Capillary pressure-based measurement of dynamic interfacial tension in a spontaneous microfluidic sensor.

The size of droplets and bubbles, and the properties of emulsions and foams strongly depend on dynamic interfacial tension ( γ d ) - a parameter that is often inaccessible due to the very short time scales for droplet and bubble formation, and the inaccessibility of ( e.g. , food) production lines. To solve this challenge, we developed a microfluidic tensiometer that can measure γ d by monitoring the formation time of both droplets and bubbles.
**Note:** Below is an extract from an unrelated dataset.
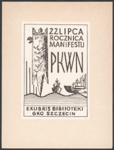 Cynkotypia, 11x7,5 cm. Kompozycja prostokątna, na ekslibrisie graficzne przedstawienie gryfa miasta Szczecina według fantazji artysty, po prawej napis "22 lipca rocznica Manifestu PKWN", niżej dwa statki na wodzie, u dołu kompozycji napis " Ex libris Biblioteki GKO Szczecin, kolorystyka czarno-biała.
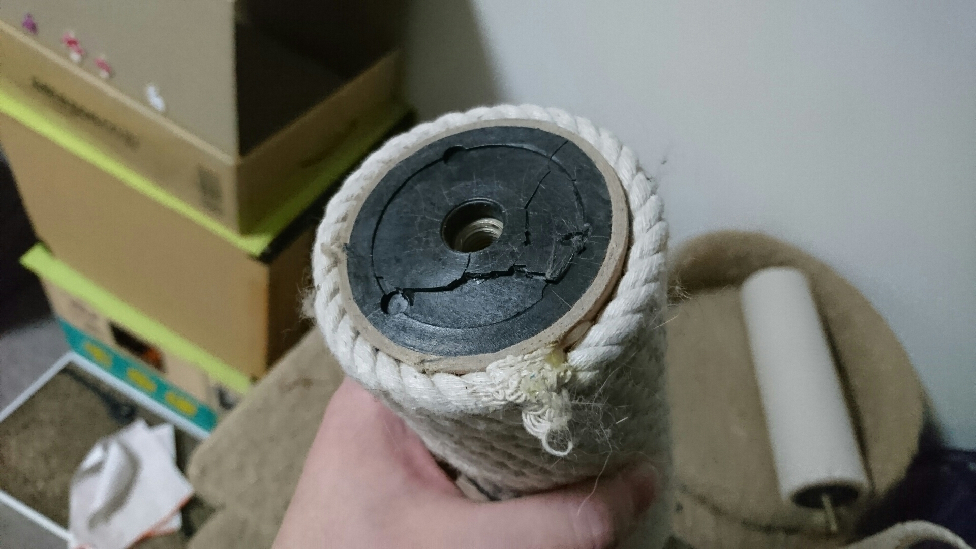 この状態で使い続けると、力がかかった際にパーツが割れ折れ、キャットタワー上部が倒れることになる。怪我にもつながりかねない、猫にも人にも非常に危険な状態である。

Our tensiometer is a pressure-driven microfluidic device that operates based on the principle of a pressure balance: the formation of a droplet (or a bubble) is initialized when the Laplace pressure of the interface is decreased below the externally applied pressure, and this decrease is caused by a reduction in γ d that can be calculated from the applied pressure and the Young-Laplace equation. The decay of γ d due to surfactant adsorption can be followed at the characteristic time scale, which is dependent on surfactant type and concentration. For 0.05-1% wt sodium dodecyl sulfate (SDS), we were able to measure γ d at time scales down to 1 ms and 0.1 ms for droplet and bubble interfaces, respectively, at increasing applied pressures and SDS concentrations. Our tensiometer proves to be a simple, robust method that inherently allows access to nearly the full range of dynamic interfacial tension at relevant time scales.